Savings due to flexible demand could approach $3 billion per year by 2040.
New York State has the potential for 8 GW of cost-saving flexible electricity demand by 2040, according to the report New York’s grid flexibility potential by The Brattle Group.
Managed charging of a projected 6.4 million electric vehicles in the state by 2040 could provide the greatest contribution to flexible demand.
Large flexible demand contributions are also possible from commercial and industrial demand response, 2 GW of customer-sited storage by 2040, and load shifting by heat pumps and electric water heaters.
Brattle projects that electric heating in New York will serve 60% of homes by 2040, up from 19% now. As a result, the study projects that the state’s net peak load will shift from a summer peak through 2030, to a winter peak by 2040. Net peak load is determined based on total demand minus renewable generation.
With a winter peak by 2040, flexible demand, including load shifting by heat pumps, “could address winter capacity needs,” the study says, and “play a role in mitigating renewables curtailments and an evening ramp.”

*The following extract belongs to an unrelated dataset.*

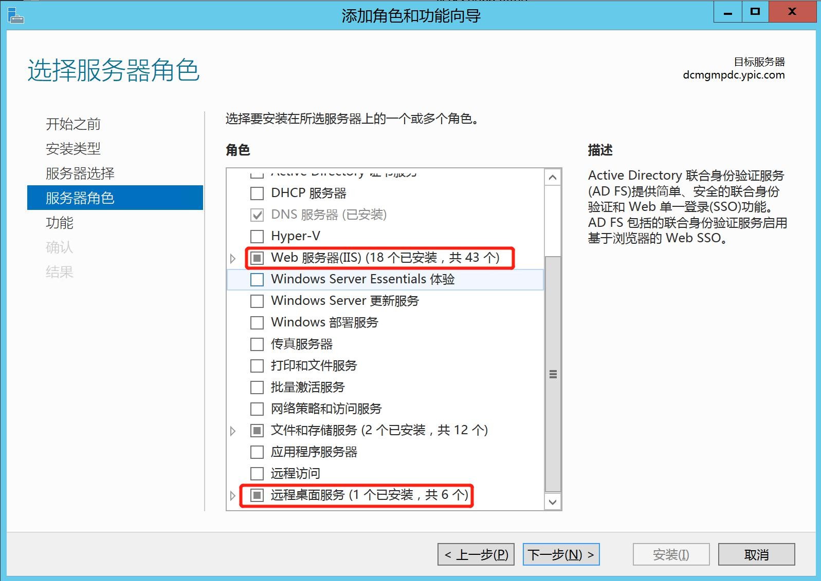 4、选择Web 服务和远程桌面服务,如下图所示:

Heat pumps could provide those benefits by preheating spaces at times of high renewable generation, thereby using less electricity in the evening, reducing the evening ramp.
By reducing the net peak load, flexible demand would reduce the need for added generating capacity and distribution grid investments. Brattle projected that by 2040, flexible demand could avoid nearly $3 billion per year in power system costs if it reached the 8 GW level, which would be about 25% of net system peak load.
Brattle considered only demand flexibility options that are dispatchable—that is, controlled through a grid flexibility program—and that had “sufficient empirical support for quantitative modeling, based on full-scale deployments or rigorous piloting.”
California is developing another approach to flexible demand, based on a strategy of sending real-time prices to electricity-using equipment, or sending “prices to devices.” The state is now developing flexible demand appliance standards for electric storage water heaters, and expects to develop such standards for electric vehicle chargers and battery energy storage systems.
California utilities are already communicating dynamic prices to customers, using the OpenADR 3.0 standard. Beyond supporting price-based demand flexibility, OpenADR 3.0 also supports traditional demand response and virtual power plants.
Brattle plans to discuss other flexible demand “technologies of interest” in a subsequent report. The current study says that vehicle-to-grid (V2G) electricity supply, as a California utility is piloting, “is a significant opportunity” if barriers are overcome.
As part of its study, Brattle projected that by 2040, New York’s renewable generation capacity will reach 62 GW, up from 8.8 GW today, made up of distributed and large-scale solar, plus onshore and offshore wind power.